[DATA TO EXAMINE Boundary: Start]

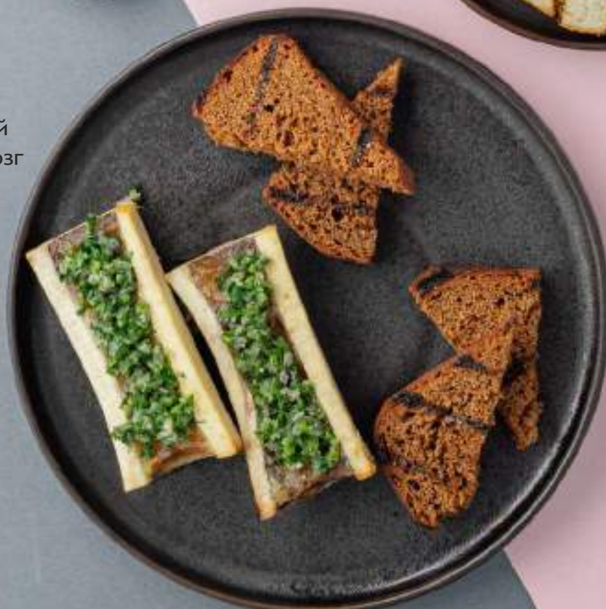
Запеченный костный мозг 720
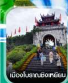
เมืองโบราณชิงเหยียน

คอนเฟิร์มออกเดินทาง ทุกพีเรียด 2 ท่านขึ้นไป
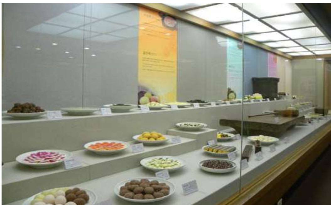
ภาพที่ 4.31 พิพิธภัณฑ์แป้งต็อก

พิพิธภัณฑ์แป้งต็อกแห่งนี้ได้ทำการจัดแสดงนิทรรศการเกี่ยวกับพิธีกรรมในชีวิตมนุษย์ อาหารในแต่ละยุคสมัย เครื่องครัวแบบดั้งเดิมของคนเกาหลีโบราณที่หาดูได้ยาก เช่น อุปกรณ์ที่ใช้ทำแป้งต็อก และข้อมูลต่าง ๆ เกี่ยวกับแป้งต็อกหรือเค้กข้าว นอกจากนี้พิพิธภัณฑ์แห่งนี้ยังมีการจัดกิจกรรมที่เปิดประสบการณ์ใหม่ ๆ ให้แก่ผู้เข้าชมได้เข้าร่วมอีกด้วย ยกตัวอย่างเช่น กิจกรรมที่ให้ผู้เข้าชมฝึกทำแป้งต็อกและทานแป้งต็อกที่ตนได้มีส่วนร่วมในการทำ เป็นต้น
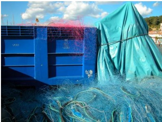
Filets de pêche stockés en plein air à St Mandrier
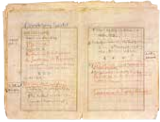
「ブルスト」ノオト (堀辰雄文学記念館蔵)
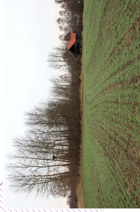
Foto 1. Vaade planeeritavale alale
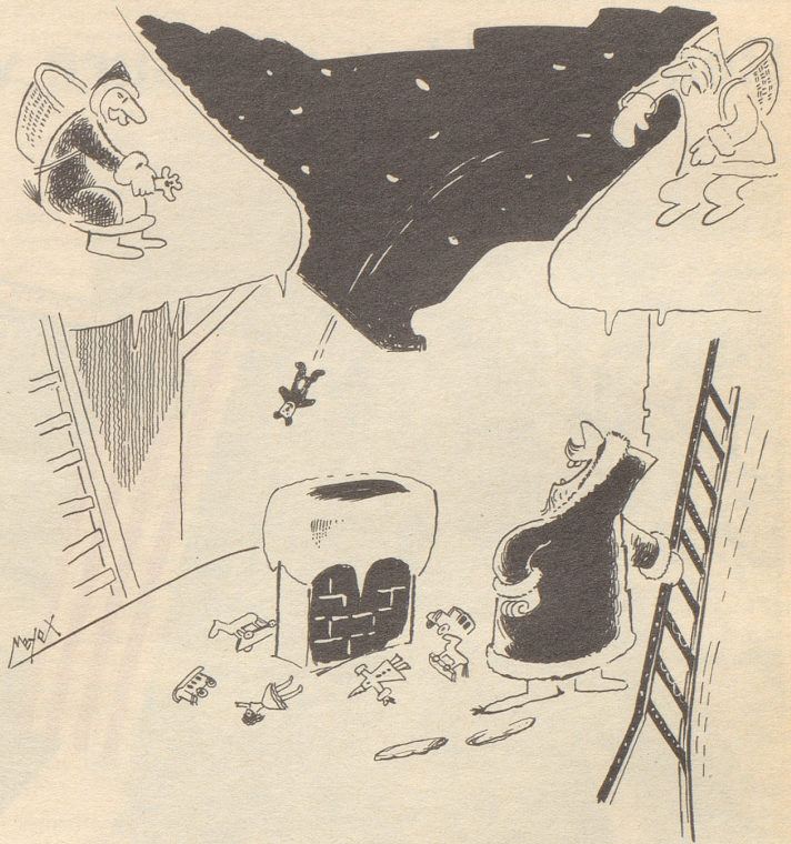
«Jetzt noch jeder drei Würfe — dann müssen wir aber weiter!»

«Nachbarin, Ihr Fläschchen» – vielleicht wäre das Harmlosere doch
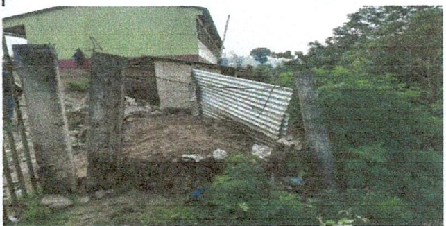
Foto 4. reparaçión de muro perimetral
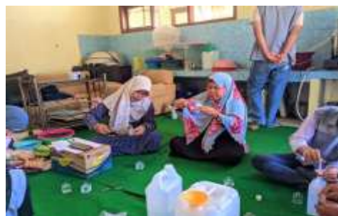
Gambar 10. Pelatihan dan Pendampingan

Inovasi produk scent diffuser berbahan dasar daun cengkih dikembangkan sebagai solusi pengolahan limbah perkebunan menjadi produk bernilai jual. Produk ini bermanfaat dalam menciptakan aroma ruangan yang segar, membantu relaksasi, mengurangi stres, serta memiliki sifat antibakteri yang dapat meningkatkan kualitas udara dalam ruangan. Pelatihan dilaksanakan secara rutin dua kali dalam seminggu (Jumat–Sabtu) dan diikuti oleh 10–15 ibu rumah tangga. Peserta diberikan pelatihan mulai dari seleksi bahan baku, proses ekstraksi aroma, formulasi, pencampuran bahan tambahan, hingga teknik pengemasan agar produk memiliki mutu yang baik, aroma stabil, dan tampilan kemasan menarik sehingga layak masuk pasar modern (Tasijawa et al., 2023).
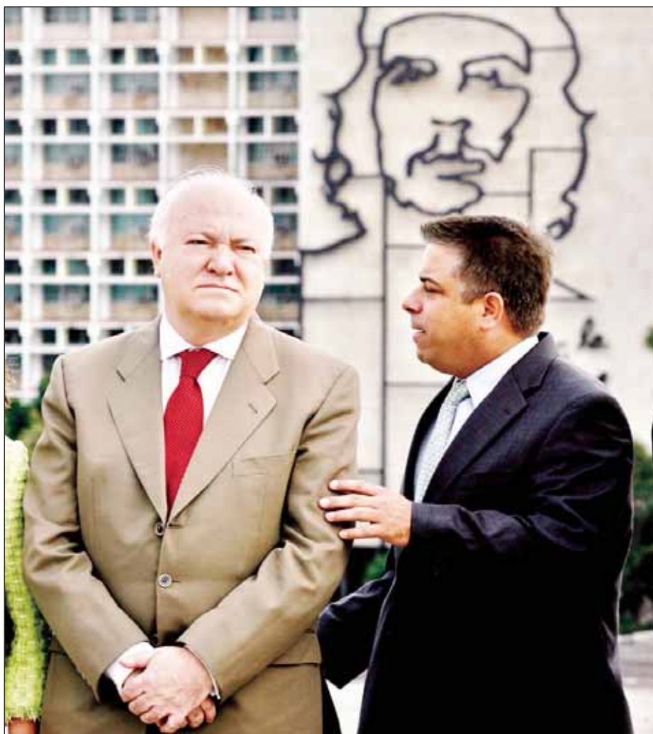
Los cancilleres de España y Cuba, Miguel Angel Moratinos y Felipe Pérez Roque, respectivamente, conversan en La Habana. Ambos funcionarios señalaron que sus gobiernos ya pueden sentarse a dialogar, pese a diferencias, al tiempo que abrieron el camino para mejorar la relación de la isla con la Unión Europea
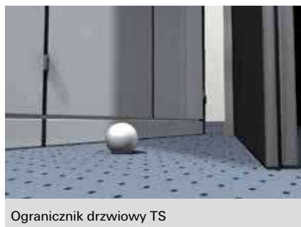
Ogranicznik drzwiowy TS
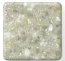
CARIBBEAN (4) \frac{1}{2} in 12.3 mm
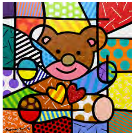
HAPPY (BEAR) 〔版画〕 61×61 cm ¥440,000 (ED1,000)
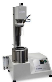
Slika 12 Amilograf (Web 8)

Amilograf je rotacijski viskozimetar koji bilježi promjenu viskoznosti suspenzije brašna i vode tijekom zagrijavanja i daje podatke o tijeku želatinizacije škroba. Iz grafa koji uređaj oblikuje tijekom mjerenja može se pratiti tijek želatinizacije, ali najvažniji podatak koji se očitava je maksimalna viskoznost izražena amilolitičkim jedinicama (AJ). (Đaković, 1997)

[DATA TO EXAMINE Boundary: End]
[DATA TO EXAMINE Boundary: Start]

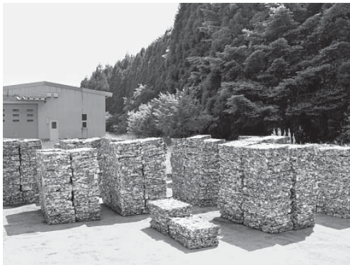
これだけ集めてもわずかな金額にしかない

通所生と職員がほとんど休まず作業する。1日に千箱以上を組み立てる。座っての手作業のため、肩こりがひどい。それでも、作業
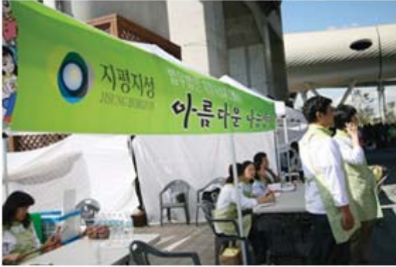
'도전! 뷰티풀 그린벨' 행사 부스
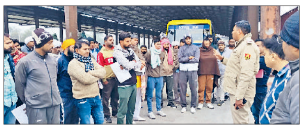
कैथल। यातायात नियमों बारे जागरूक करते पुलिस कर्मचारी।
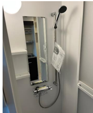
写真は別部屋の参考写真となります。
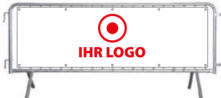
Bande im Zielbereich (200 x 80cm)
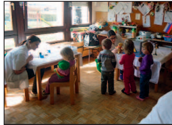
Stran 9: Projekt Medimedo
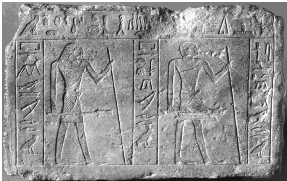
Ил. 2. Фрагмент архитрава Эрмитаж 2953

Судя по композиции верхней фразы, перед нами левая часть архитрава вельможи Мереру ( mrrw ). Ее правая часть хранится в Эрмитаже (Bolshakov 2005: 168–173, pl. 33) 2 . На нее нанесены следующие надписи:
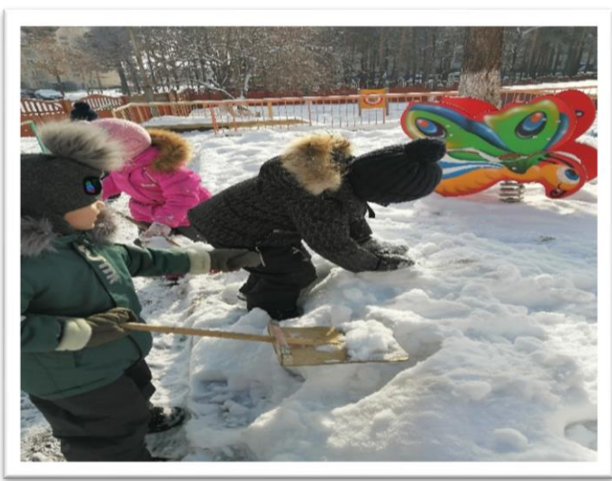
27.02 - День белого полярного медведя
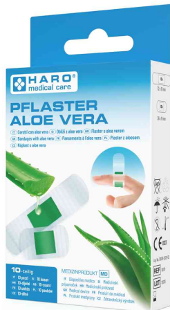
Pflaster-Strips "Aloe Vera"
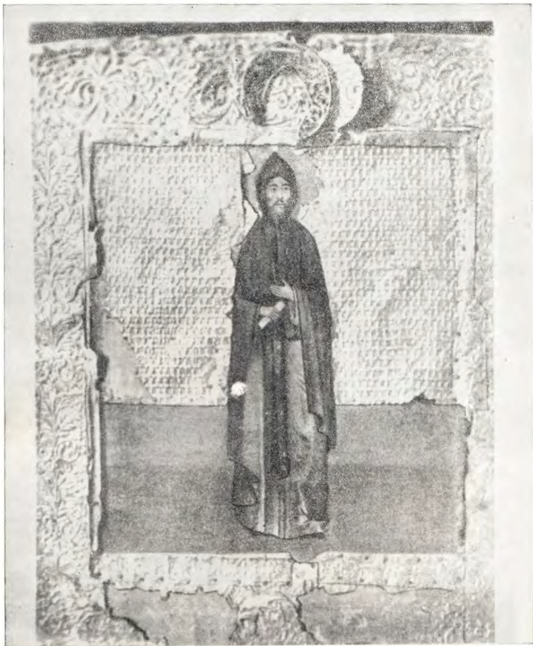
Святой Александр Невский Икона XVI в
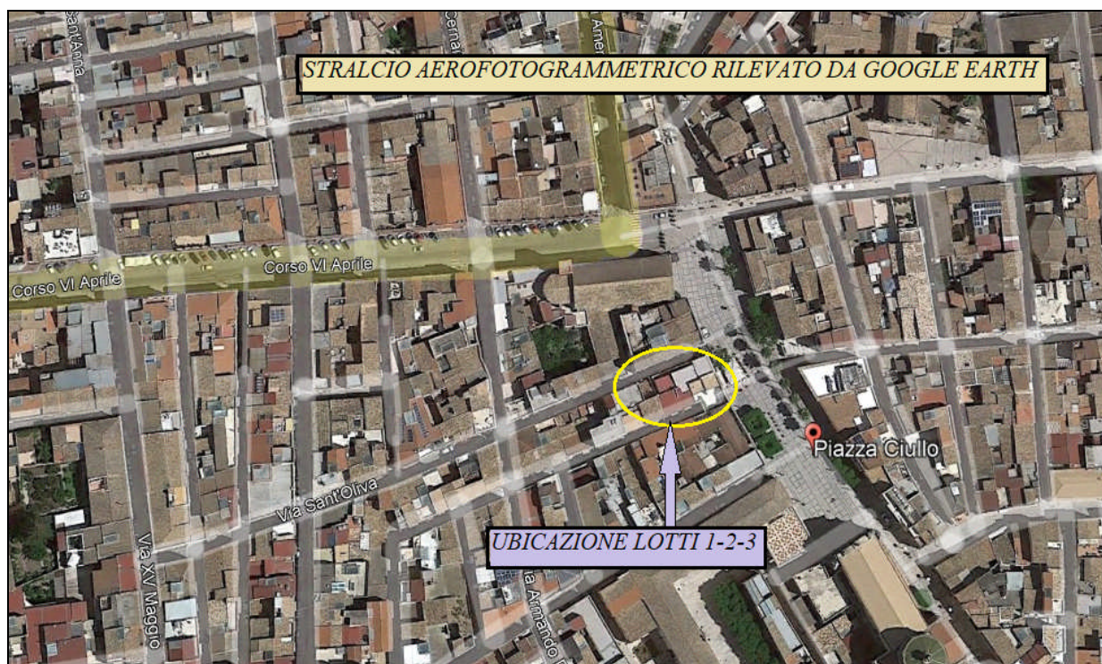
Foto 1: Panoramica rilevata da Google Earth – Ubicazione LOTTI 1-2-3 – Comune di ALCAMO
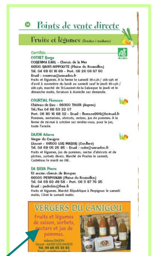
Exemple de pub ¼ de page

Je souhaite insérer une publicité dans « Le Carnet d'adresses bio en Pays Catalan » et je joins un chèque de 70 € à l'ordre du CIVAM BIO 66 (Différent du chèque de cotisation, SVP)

[DATA TO EXAMINE Boundary: End]
[DATA TO EXAMINE Boundary: Start]

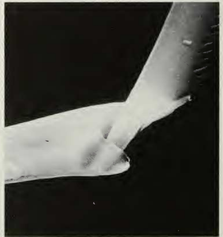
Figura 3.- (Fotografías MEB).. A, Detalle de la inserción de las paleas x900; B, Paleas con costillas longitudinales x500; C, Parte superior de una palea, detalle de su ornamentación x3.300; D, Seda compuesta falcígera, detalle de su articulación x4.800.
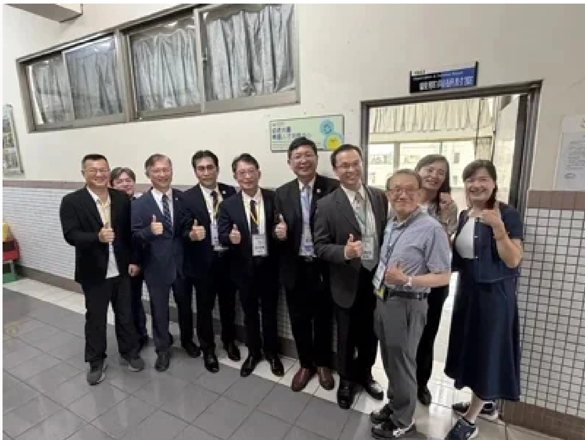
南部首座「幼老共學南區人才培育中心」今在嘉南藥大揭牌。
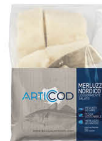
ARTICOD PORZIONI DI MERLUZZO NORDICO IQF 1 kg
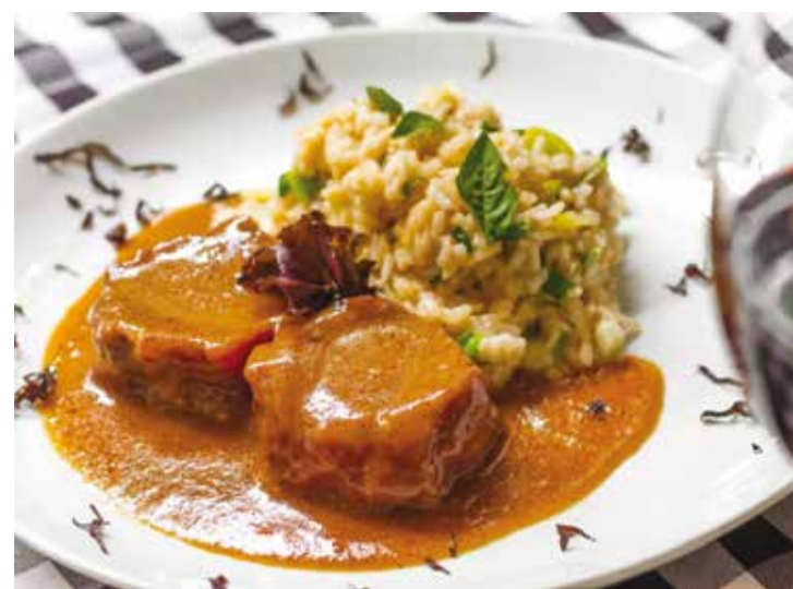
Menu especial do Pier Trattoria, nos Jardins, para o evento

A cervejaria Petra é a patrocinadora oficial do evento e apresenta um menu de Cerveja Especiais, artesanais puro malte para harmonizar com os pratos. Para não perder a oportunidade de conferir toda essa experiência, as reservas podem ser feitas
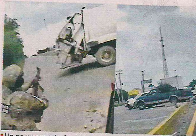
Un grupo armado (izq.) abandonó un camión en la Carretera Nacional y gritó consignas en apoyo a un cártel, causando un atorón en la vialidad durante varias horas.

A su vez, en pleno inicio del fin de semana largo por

[DATA TO EXAMINE Boundary: End]

* _PROBLEM REQUIREMENTS_: Which of the lines above carry the string "архитрава"? Copy every one.

* _ANSWER BOX_:
Ил. 2. Фрагмент архитрава Эрмитаж 2953
Судя по композиции верхней фразы, перед нами левая часть архитрава вельможи Мереру ( mrrw ). Ее правая часть хранится в Эрмитаже (Bolshakov 2005: 168–173, pl. 33) 2 . На нее нанесены следующие надписи:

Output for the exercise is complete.